**Provided material**
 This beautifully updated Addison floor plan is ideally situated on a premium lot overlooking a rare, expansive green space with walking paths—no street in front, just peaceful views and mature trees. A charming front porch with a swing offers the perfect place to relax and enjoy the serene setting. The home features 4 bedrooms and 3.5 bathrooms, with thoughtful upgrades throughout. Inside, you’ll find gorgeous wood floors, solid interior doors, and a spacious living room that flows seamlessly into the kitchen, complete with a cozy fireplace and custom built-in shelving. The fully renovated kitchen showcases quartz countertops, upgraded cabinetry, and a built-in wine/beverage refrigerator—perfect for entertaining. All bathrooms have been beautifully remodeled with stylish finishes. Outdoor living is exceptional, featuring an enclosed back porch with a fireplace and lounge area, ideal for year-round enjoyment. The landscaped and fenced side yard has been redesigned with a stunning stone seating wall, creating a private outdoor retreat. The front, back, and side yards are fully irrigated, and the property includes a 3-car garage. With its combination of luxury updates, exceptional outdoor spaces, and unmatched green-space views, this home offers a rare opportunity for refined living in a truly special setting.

--

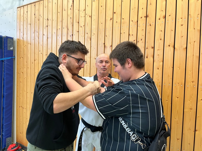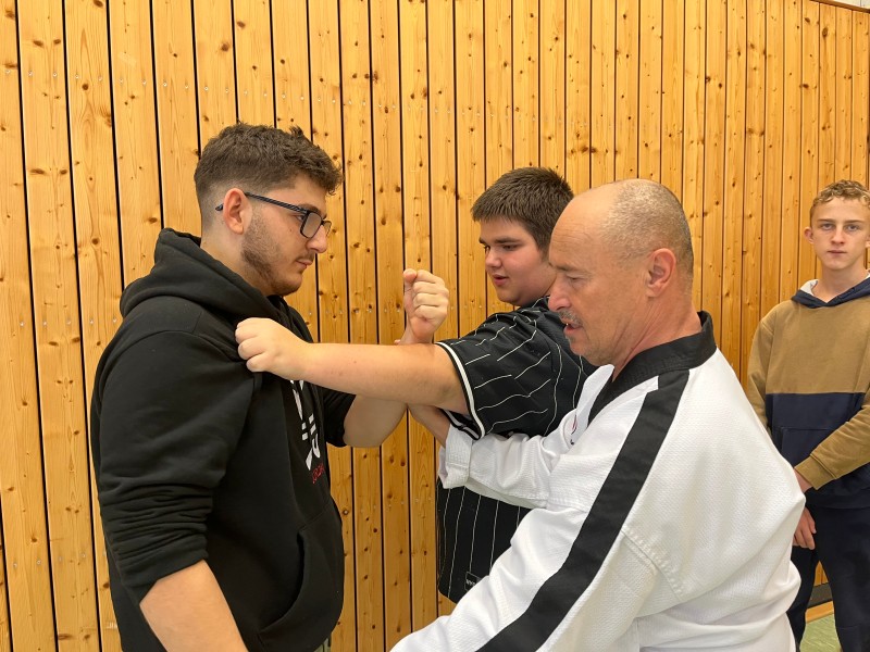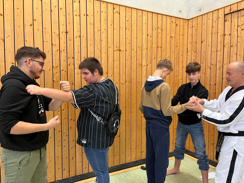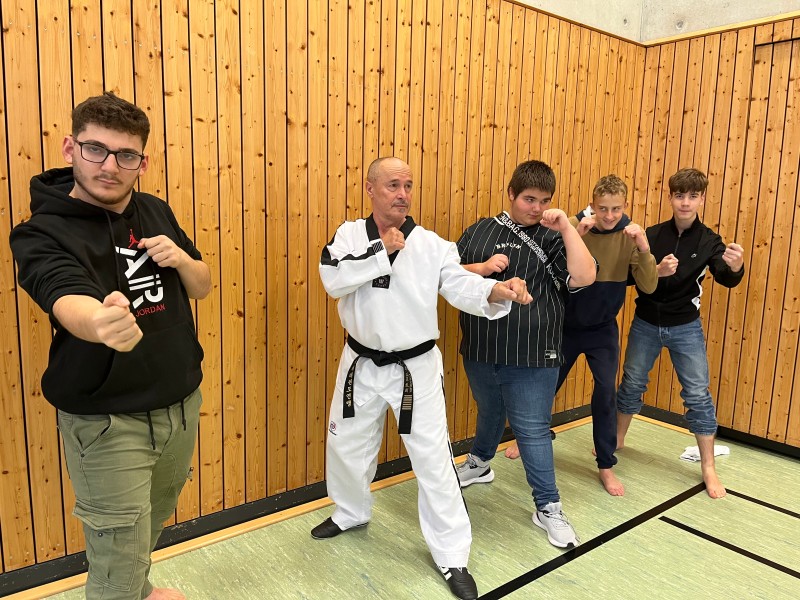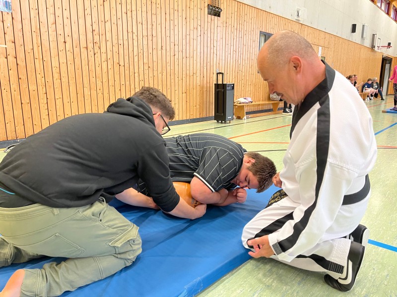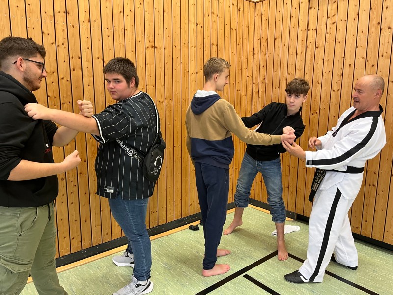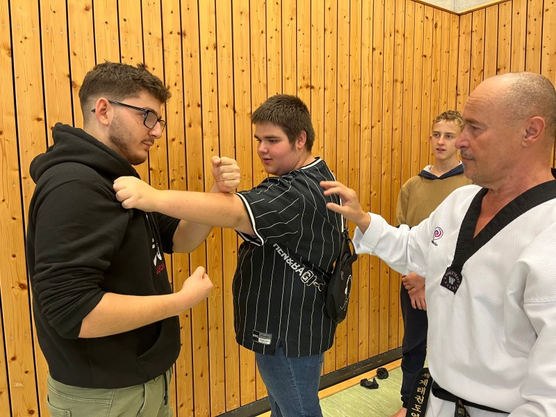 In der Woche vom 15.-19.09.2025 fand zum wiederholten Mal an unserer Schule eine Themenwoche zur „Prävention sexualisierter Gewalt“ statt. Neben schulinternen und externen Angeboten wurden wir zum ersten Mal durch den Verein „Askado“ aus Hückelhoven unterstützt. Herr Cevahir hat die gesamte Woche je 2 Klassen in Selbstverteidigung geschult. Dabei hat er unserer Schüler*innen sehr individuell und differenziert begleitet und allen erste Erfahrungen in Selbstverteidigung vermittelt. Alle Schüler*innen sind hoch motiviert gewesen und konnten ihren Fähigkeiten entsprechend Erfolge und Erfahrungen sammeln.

--

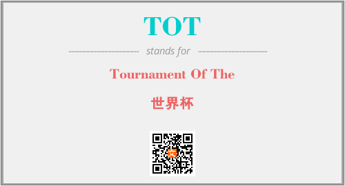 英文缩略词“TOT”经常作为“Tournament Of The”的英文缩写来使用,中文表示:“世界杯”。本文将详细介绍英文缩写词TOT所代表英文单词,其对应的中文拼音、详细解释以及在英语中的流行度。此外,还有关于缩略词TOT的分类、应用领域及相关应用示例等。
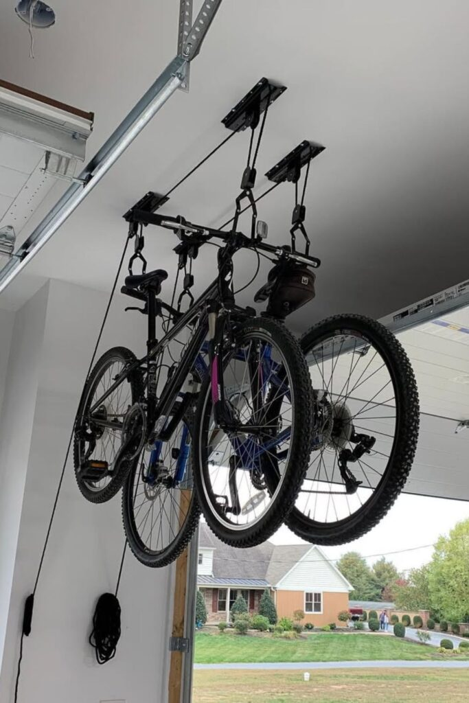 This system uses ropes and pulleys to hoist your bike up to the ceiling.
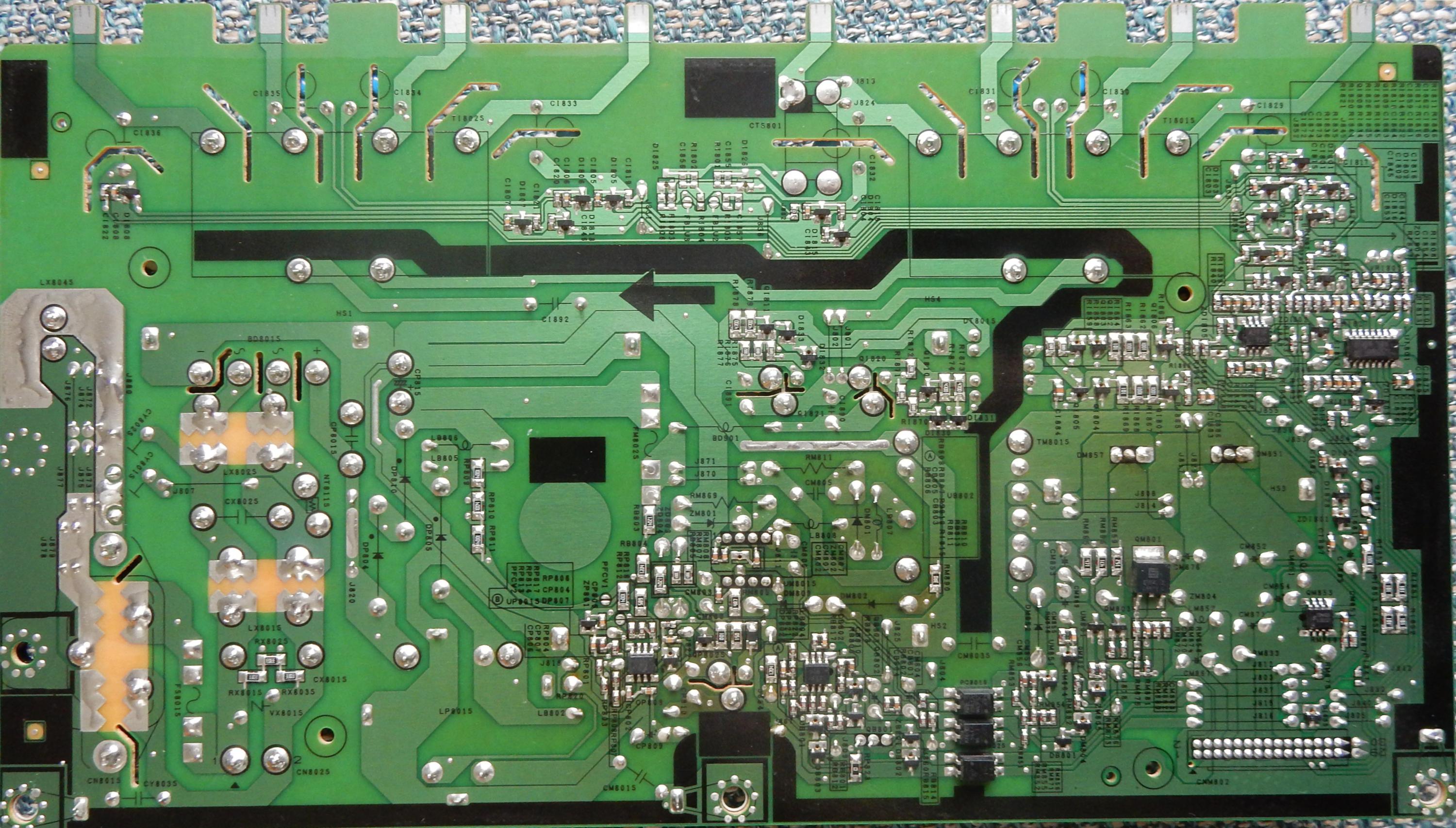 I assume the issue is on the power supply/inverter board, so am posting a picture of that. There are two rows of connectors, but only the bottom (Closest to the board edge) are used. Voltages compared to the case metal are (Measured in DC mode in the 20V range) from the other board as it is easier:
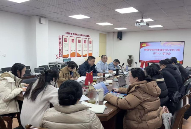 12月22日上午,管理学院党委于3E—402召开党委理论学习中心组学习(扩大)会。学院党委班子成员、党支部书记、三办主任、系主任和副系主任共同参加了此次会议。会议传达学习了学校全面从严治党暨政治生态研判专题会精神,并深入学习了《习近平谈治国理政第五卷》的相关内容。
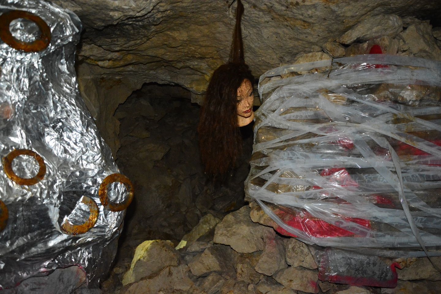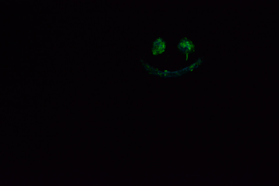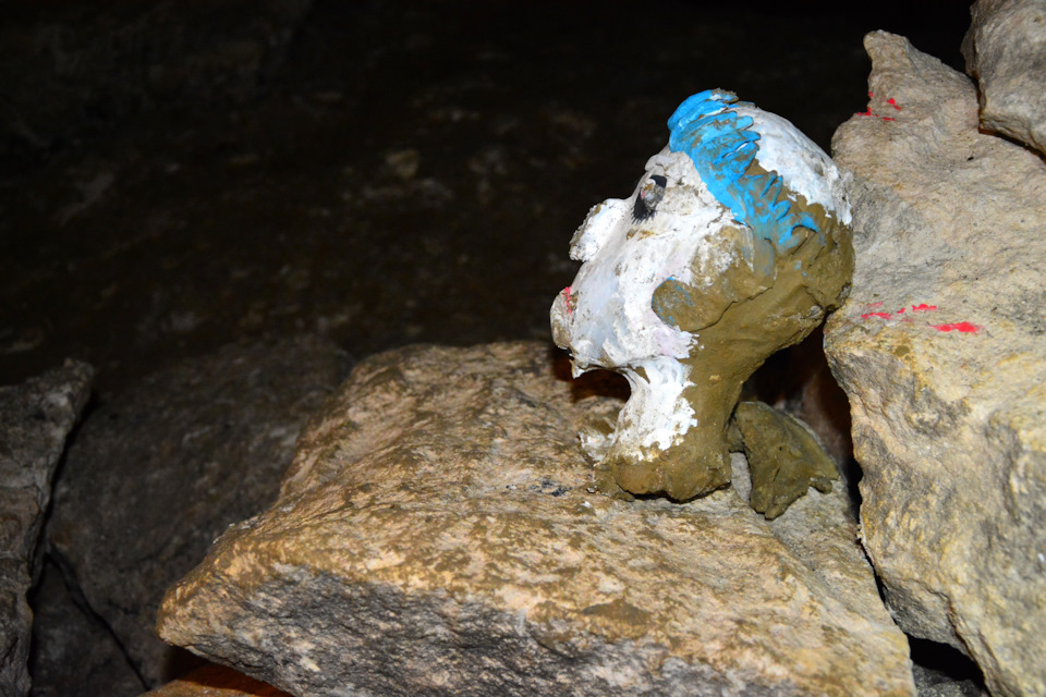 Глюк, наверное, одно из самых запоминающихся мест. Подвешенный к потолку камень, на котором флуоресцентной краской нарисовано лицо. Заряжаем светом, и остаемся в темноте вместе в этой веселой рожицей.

**Task to complete**
Look above for the line with "I assume the" and copy exactly from it through the line with "Глюк, наверное, одно", both included. Omit the pictures.

**Your solution**
 I assume the issue is on the power supply/inverter board, so am posting a picture of that. There are two rows of connectors, but only the bottom (Closest to the board edge) are used. Voltages compared to the case metal are (Measured in DC mode in the 20V range) from the other board as it is easier:
 12月22日上午,管理学院党委于3E—402召开党委理论学习中心组学习(扩大)会。学院党委班子成员、党支部书记、三办主任、系主任和副系主任共同参加了此次会议。会议传达学习了学校全面从严治党暨政治生态研判专题会精神,并深入学习了《习近平谈治国理政第五卷》的相关内容。
 Глюк, наверное, одно из самых запоминающихся мест. Подвешенный к потолку камень, на котором флуоресцентной краской нарисовано лицо. Заряжаем светом, и остаемся в темноте вместе в этой веселой рожицей.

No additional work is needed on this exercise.